When Depth Becomes a Box

When Depth Becomes a Box

I feel everything deeply. That’s not new. What is new, though, is realizing how much I crave that depth even when it overwhelms me. Maybe that’s the contradiction of being me—I long for the very thing that often feels like too much.

My depth makes me wise, observant, intuitive. But it also makes me emotionally immature sometimes. I can be avoidant, too aware of every possible outcome before anything even happens. I’ll label things—situationships, friendships, conversations—not because I do or don’t understand them, but because I’m desperate to contain them. If it has a name, then maybe it won’t feel so big. Maybe I can put it somewhere and move on.

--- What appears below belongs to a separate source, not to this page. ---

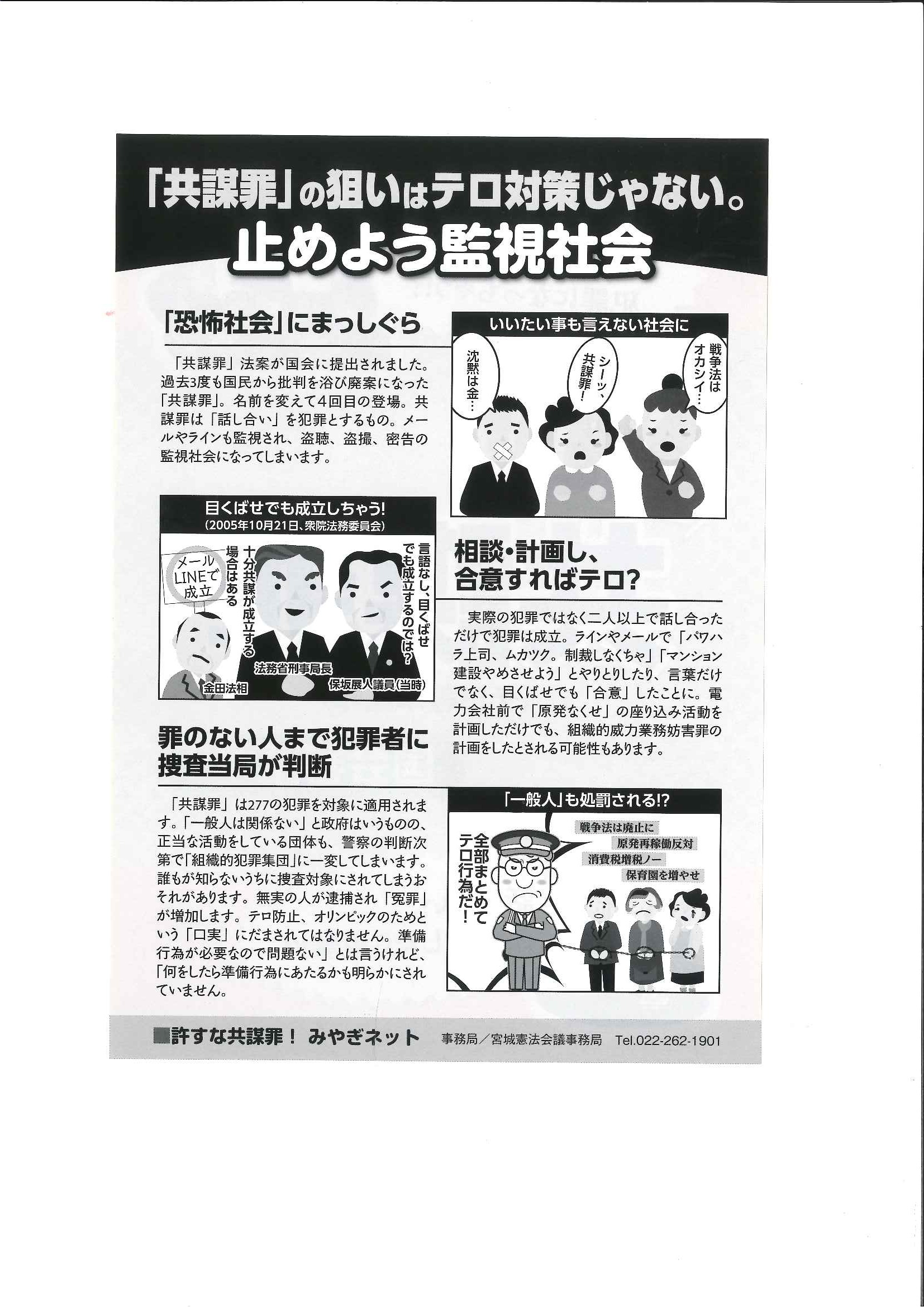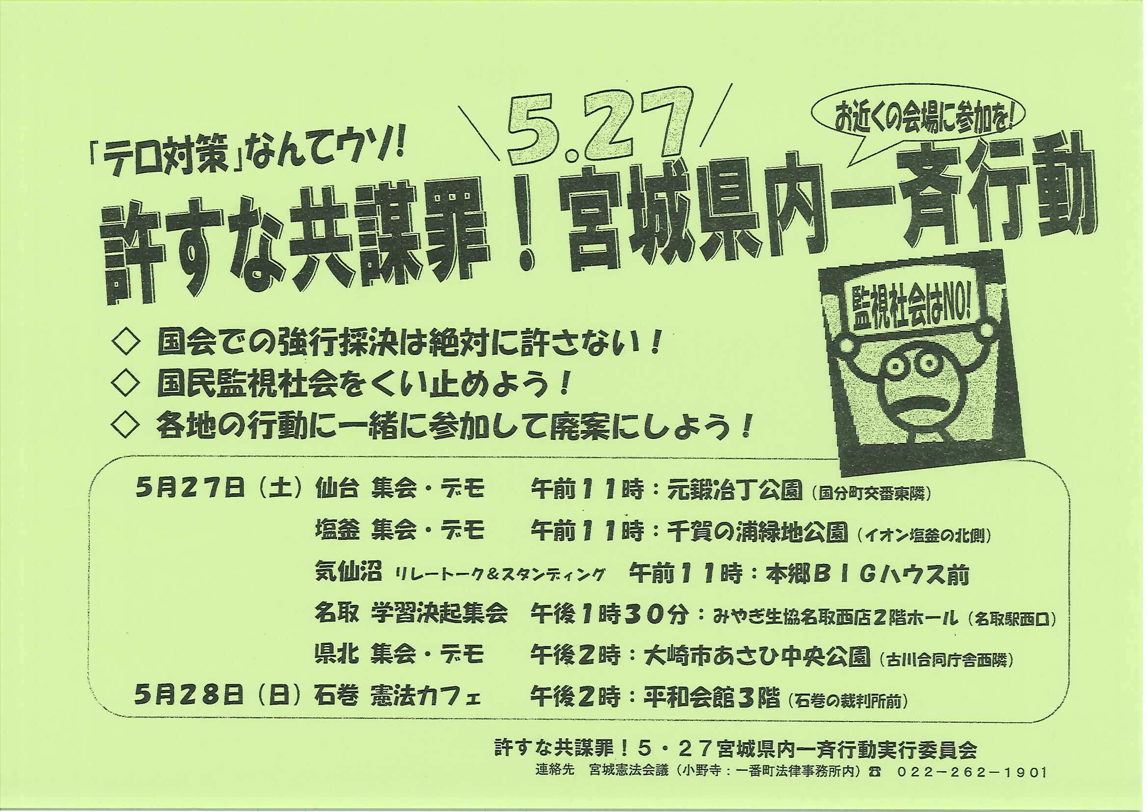 【集会・デモのお知らせ】許すな共謀罪!5・27宮城県内一斉行動【日にち:5月27日(土) 時間・場所:チラシ記載のとおり】 - 仙台 弁護士 一番町法律事務所

But life doesn’t work that way.

Feelings don’t care about labels. Neither does timing. We don’t always know how we’re going to feel, or where something is going to go. That’s the discomfort and the beauty of it all. My work now is to stop asking what is this connection? And start asking how can I deepen it? Stop scoping. Start showing up.

This is why my experience with a connection I have now has been so grounding. He sees the whole thing clearly. He sees that while my depth is my light, it also creates shadows I don’t need to walk in. And somehow, he’s not scared of that. He’s just… there. Present. And in his presence, I saw something I didn’t expect: myself. Not the overthinker, not the girl spinning out in a million directions—but the version of me that knows how to breathe. How to rest. How to be.

He was a mirror. But not the kind that distorts or demands. The kind that reflects back everything you forgot you already had. That’s why there is much beauty in just a connection. A genuine connection not bound to anything but growth and conversation. People have a way of showing us everything we’ve been needing to see and that’s why it’s so important to have them. 

So here’s where I’m at: learning not to control every piece of the puzzle before it’s even made. Letting myself feel without trying to name it too quickly. Understanding that the lesson doesn’t come from obsessing over the outcome—it comes from moving through it.

I don’t have to be blind. But I also don’t have to be afraid.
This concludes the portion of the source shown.